In the present study, mice vaccinated with Ad-S1 had IgG titers of 1:1010 and 1:122 detected by ELISA two weeks after the first and second immunization, respectively. The dilution titer of ad-s1 was 378.9 (GMT) at 14 days after inoculation and 2297.4 (GMT) at 28 days after inoculation. In the neutralization antibody test, Vero E6 cells immunized with Ad-S1 showed 1:24.3 and 1:26.3 neutralization at D14 and D28 against live SARS-CoV-2 virus challenge in vitro, respectively. The neutralization titers of the pseudovirus at D14 and D28 were 283.7 (GMT) and 769.0 (GMT), respectively. Thus, the vaccine in this study was more effective in terms of the immune response in the mouse model.

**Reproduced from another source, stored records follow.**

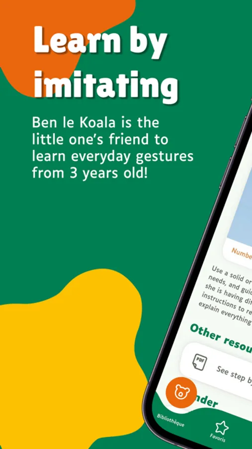 Ben le Koala, a fictional and animated character, helps little kids with and without disabilities in their daily lives. He makes gestures and the child learns by imitating him.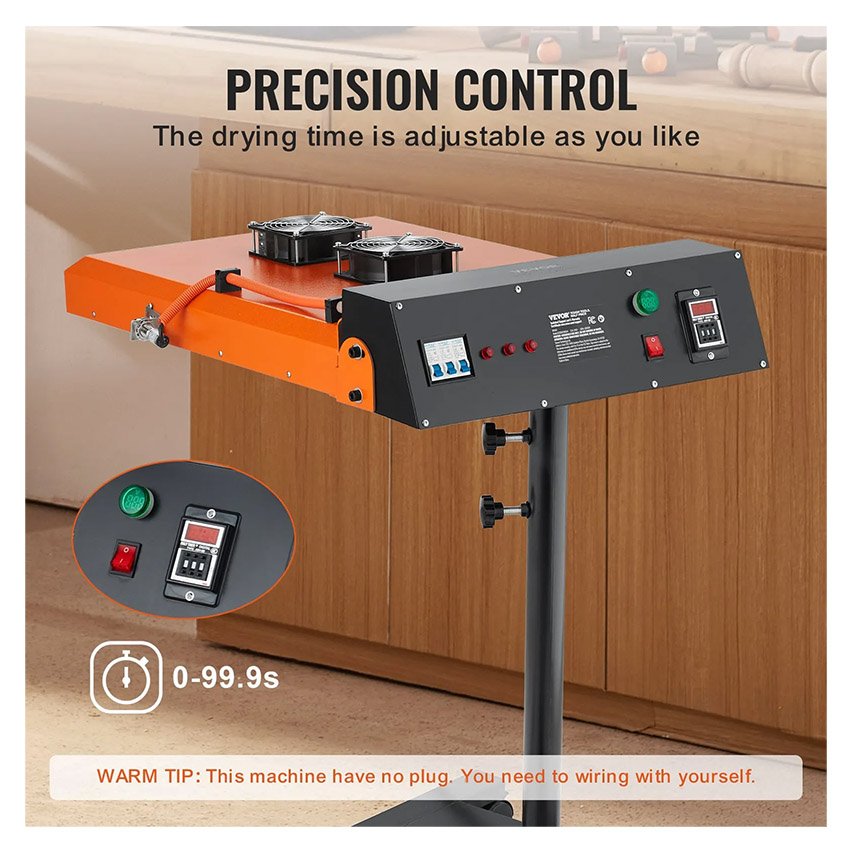 – Puissance élevée de 6 000 W : Plus besoin d’attendre que les impressions sèchent ! Notre séchoir flash est doté d’un élément chauffant haute puissance intégré de 6 000 W avec des tubes en verre infrarouge pour une efficacité thermique élevée, chauffant en seulement 20 secondes.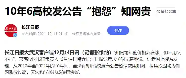 事实上,知网的“贵”已经不是一天半天的事,2021年底,长江日报曾发新闻称, 10年间已有6所高校“抱怨”知网太贵,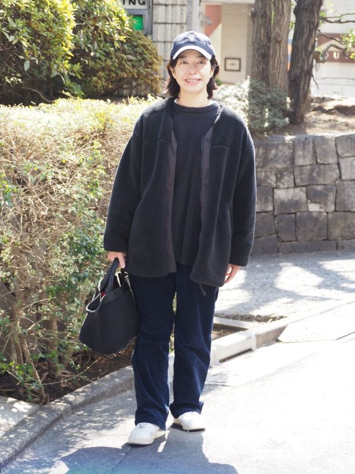 「ニコアンド」のボアジャケットに合わせたのは、セールでゲットした「無印良品」のベロアパンツ。寒さが続く晩冬は、暖かみのある素材をミックスしてほっこりと。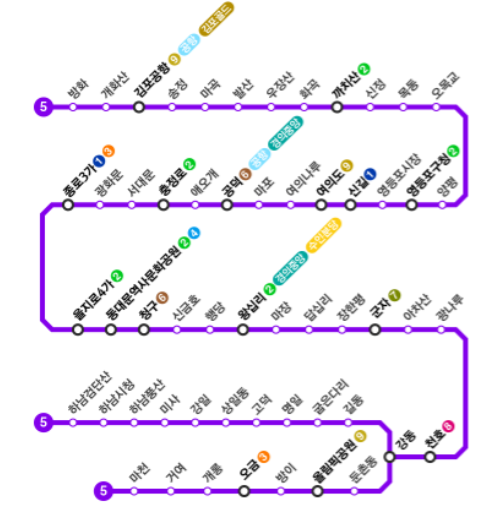 수도권 지하철 5호선 전체 노선도 정거장을 정리해 보겠습니다.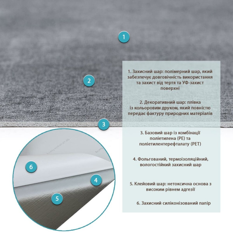 Виниловая самоклеящаяся плитка — это современное и практичное решение для быстрого и стильного обновления интерьера. Благодаря инновационной клеевой основе, монтаж этого декоративного материала для внутренней отделки становится невероятно простым и не требует специальных навыков или дорогостоящего инструмента. Широкий ассортимент дизайнов, включающий богатую палитру цветов, узоров и реалистичных текстур, искусно имитирующих натуральные материалы (дерево, камень, мрамор, бетон), позволяет идеально интегрировать плитку в любое интерьерное решение — от классики до лофта. Исключительная прочность, долговечность и абсолютная влагостойкость делают виниловую плитку по-настоящему универсальной. Она подходит для применения в самых разнообразных помещениях и на любых ровных поверхностях: от пола и стен в ванных комнатах и кухнях с повышенной влажностью, до жилых зон и коммерческих объектов с высокой эксплуатационной нагрузкой. Материал: поливинилхлорид (PVC) Размеры: 600x300x1.5мм Вес одной плитки: 115 грамм Площадь покрытия: 0,18 кв.м, количество на 1 кв.м - 6 единиц Поверхность: ровная, матовая Материал 1. Полимерный Слой (Защита и Долговечность): Обеспечивает защиту от механических повреждений и потертостей. Встроенная УФ-защита критически важна для предотвращения выгорания, сохраняя насыщенный цвет и эстетическую привлекательность покрытия на весь срок службы. 2. Декоративный Слой (Визуальная Имитация): Пленка с печатью высокого разрешения, которая благодаря четкому и детализированному изображению в совершенстве имитирует фактуру природных материалов. 3. Основной Слой из ПВХ (Химическая Стойкость): Сформирован из длинных молекулярных цепей винилхлорида. Наличие атомов хлора в структуре полимера наделяет материал высокой устойчивостью к воздействию химических веществ. 4. Фольгированный Слой (Теплоизоляция): Специальный слой для отражения тепловых волн, минимизации потерь тепла и существенного улучшения теплоизоляционных свойств помещения. 5. Клеевой Слой (Надежное Крепление): Нетоксичная основа с превосходным уровнем адгезии для максимально прочного сцепления. 6. Силиконизированная Бумага (Удобство Монтажа): Защищает клеевое основание от пересыхания и загрязнений. Легко и чисто снимается непосредственно перед укладкой. Температурный режим Чтобы избежать деформации и сохранить идеальную форму, при монтаже в зоне интенсивного нагрева (рядом с открытым огнем, плитой) соблюдайте рекомендованное безопасное расстояние: 30–50 см. Это обеспечит долговечность и красоту вашей установки. Минимальный срок службы виниловой самоклеющейся плитки составляет 3 года, гарантируя вам стильное и функциональное покрытие на длительный период. Применение 1. Жилые пространства - Зоны отдыха: Создайте уют в гостиной, спальне и детской. - Функциональные зоны: Обновите кухню, ванную комнату и входную группу. 2. Коммерческие объекты (WOW-эффект гарантирован) - Представительские: Офисы и зоны ресепшен. - Сфера услуг: Салоны красоты, фитнес-центры и магазины. - Общественные места: Мастерские и другие места с высокой проходимостью. Используйте его для: декорирования стен, а также мебели, дверей и любых других ровных поверхностей. Ключевые преимущества материала • Благодаря самоклеящемуся слою, монтаж становится невероятно быстрым и простым. Вам не потре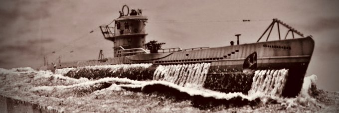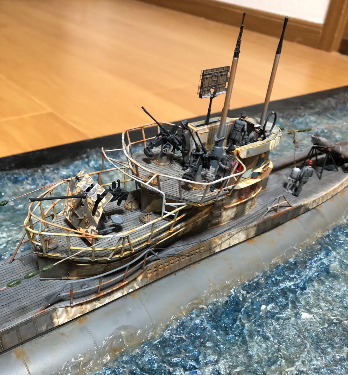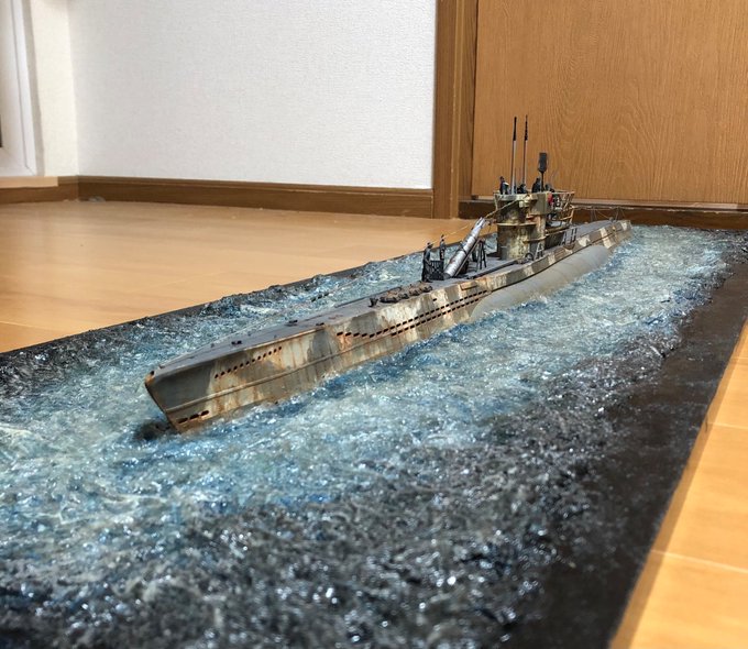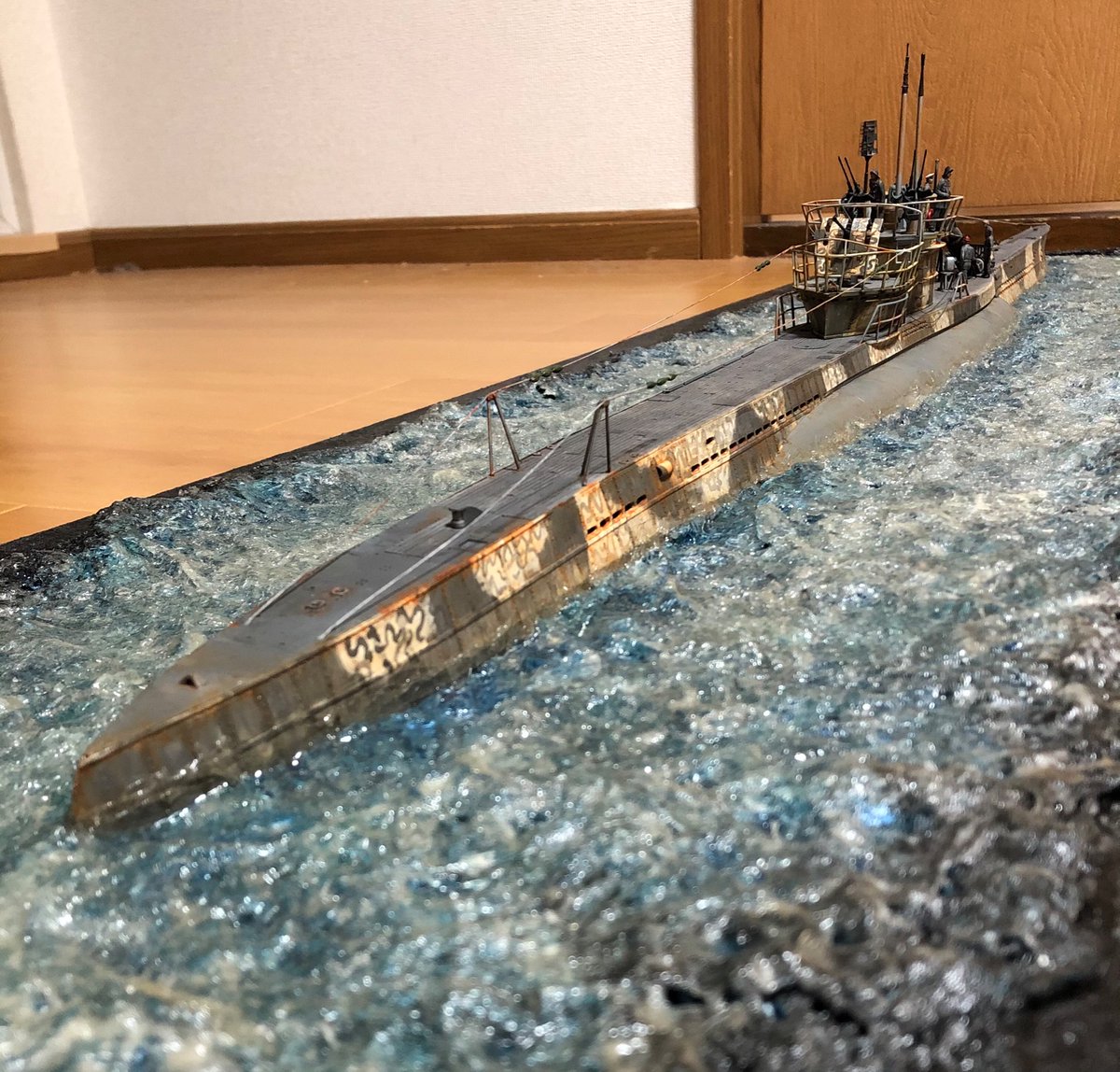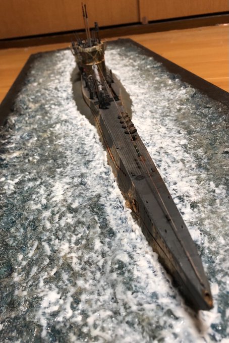 1/72 UボートⅦC/41”U-997” こちらも久しぶりに眺めております。 腹這いになってローアングルで見るのが良いです。 ジェルメディウムが乾燥して白波が消えてしまったので、アップデートしようと思います。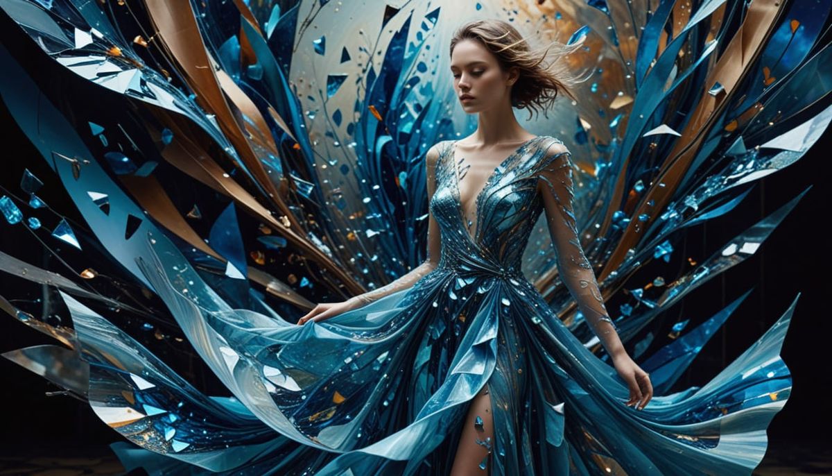 This image showcases a surrealist oil painting of a woman in an avant-garde dress crafted from shimmering glass shards. The haute couture design features iridescent hues and intricate detail, embodying sustainable innovation.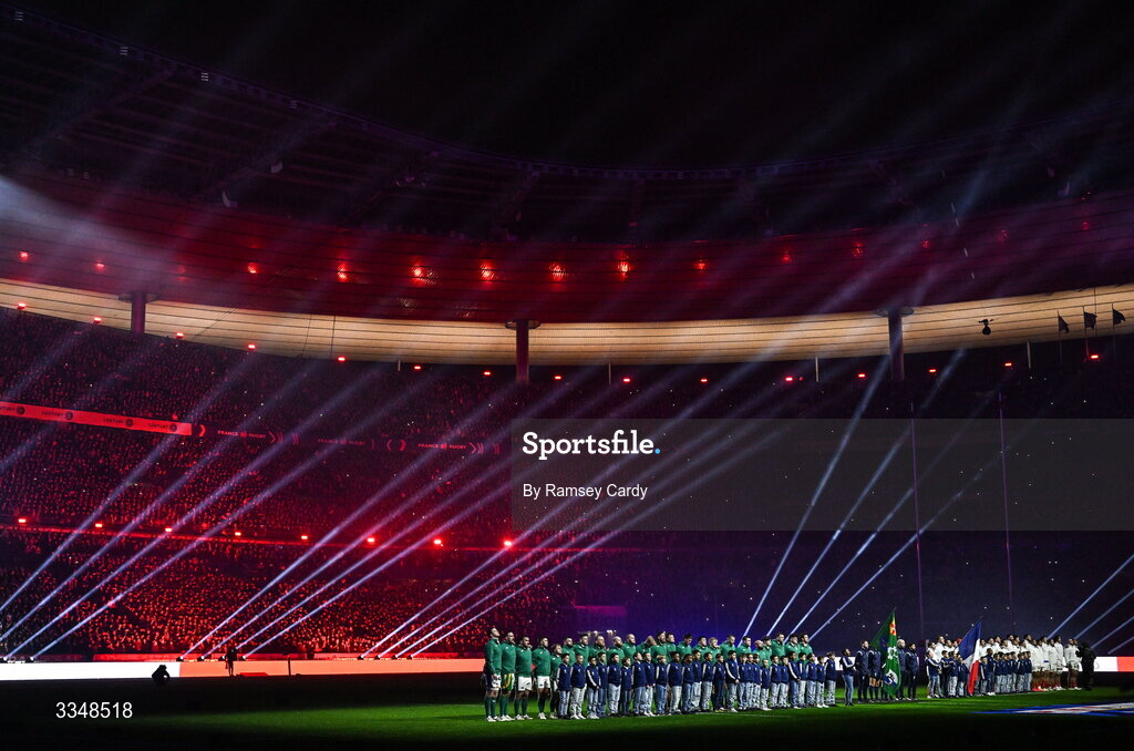 5 February 2026; The Ireland and France teams before the Guinness 6 Nations Rugby Championship match between France and Ireland at Stade de France in Paris, France. Photo by Ramsey Cardy/Sportsfile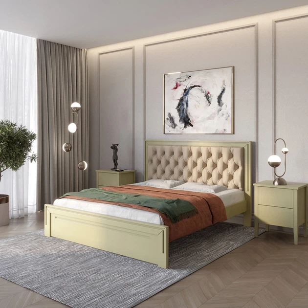 Односпальне дерев'яне ліжко Mebigrand Торонто Т3 Оливковий (RAL1020)/Аляска 23 (бежевий) 90х200 см (MBG-7573)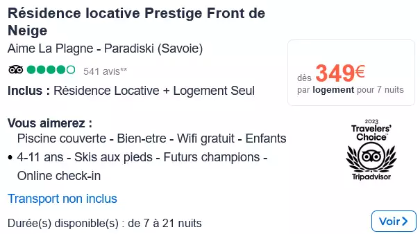La Résidence locative Prestige Front de Neige est implantée sur le domaine de La Plagne. C'est un immense batîment directement inspiré d'une ambiance "chalet montagnard". Elle possède une piscine couverte chauffée avec bains à remous, hammam et espace massage. Elle se compose de plusieurs appartements prêts à vous recevoir, avec tout l'équipement nécessaire pour un séjour parfait.
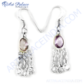 925 Silver Amethyst & CZ Dangle Earrings for Women | Gift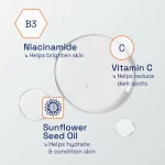 Ayuda a mejorar el tono, la textura y la luminosidad de la piel gracias a la Vitamina C, Niacinamida y Aceite de semilla de girasol.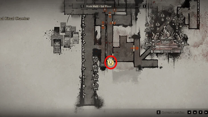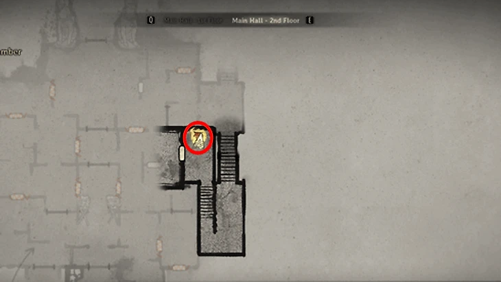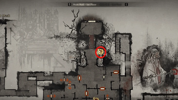 21. На втором этаже главного зала. Когда последуете за белой маской, поверните в другую сторону и поднимитесь по лестнице.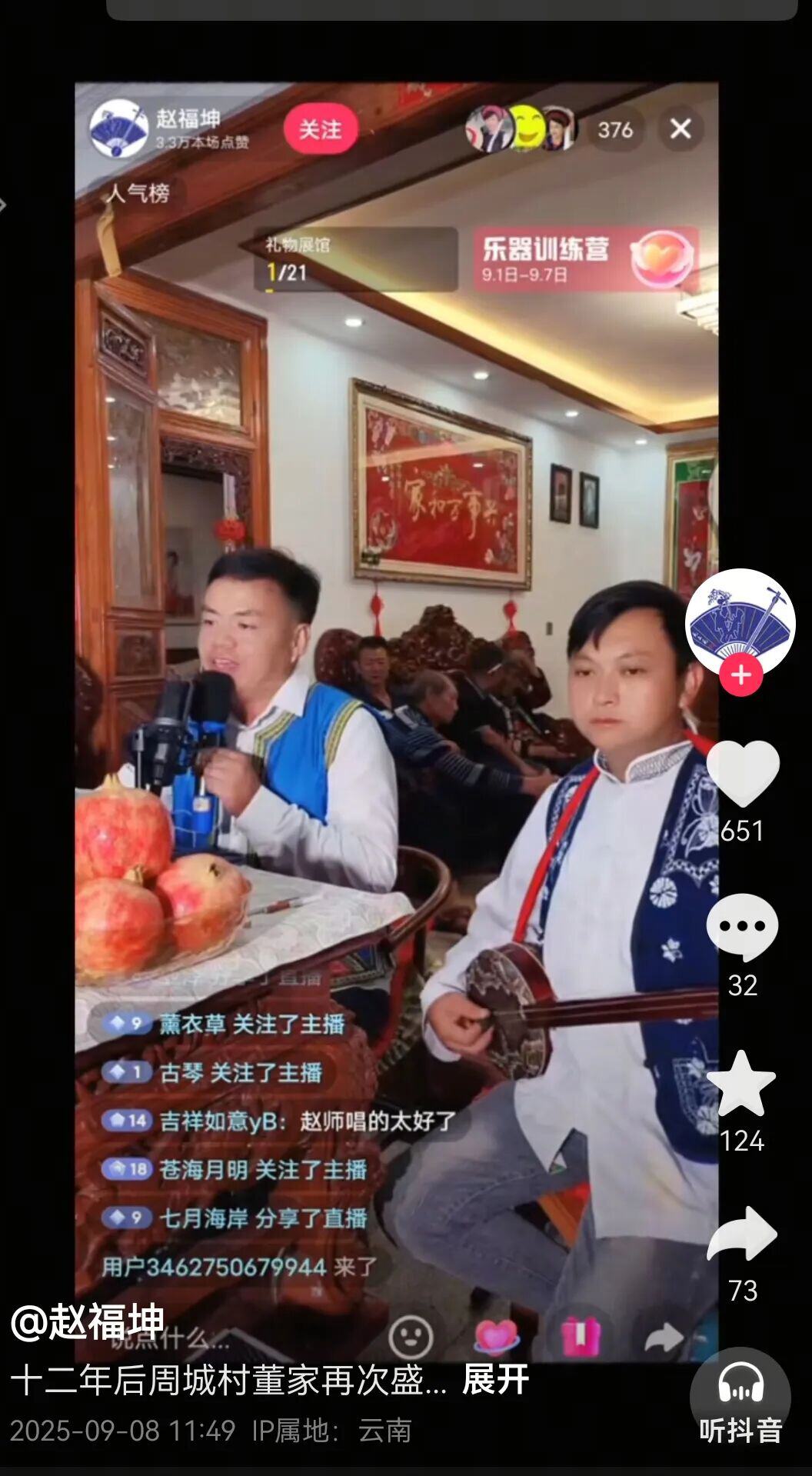当三弦声与校园的读书声、社区的欢笑声、直播间的点赞声交织,当“老曲新唱”的旋律回荡在苍洱山水间,赵丕鼎和家人用坚守证明:只要根扎得深,传统曲艺就能在新时代长出新枝,永远悠扬。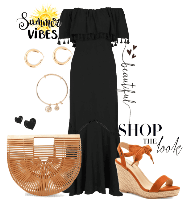 Pour ce look, direction Boohoo ! On combine deux tendances de cette saison dans une même pièce : robe maxi et épaules dénudées ! Et avec une telle robe, on ne pouvait choisir que des créoles pour parfaire le look bohème.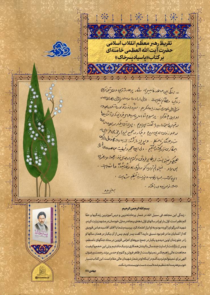 متن تقریظ رهبر انقلاب اسلامی بر این کتاب به شرح زیر است:

Due to the limitation of the experimental conditions, we did not perform enzyme-linked immunosorbent spot (ELISpot) analysis of the spleen immune cells of the experimental mice. Moreover, attack protection experiments of SARS-CoV-2 on mice could not be performed due to the limitation of the physical protection laboratory. However, we determined that the vaccine had high efficacy in mouse models and could be used as an ideal reserve vaccine strain. In addition, the immunogenicity, safety, and effectiveness of prospective SARS-CoV-2 vaccine candidates should be examined in additional animal models (e.g., rabbits, primates, raccoons, dogs), as mouse models may not fully duplicate human immunological features.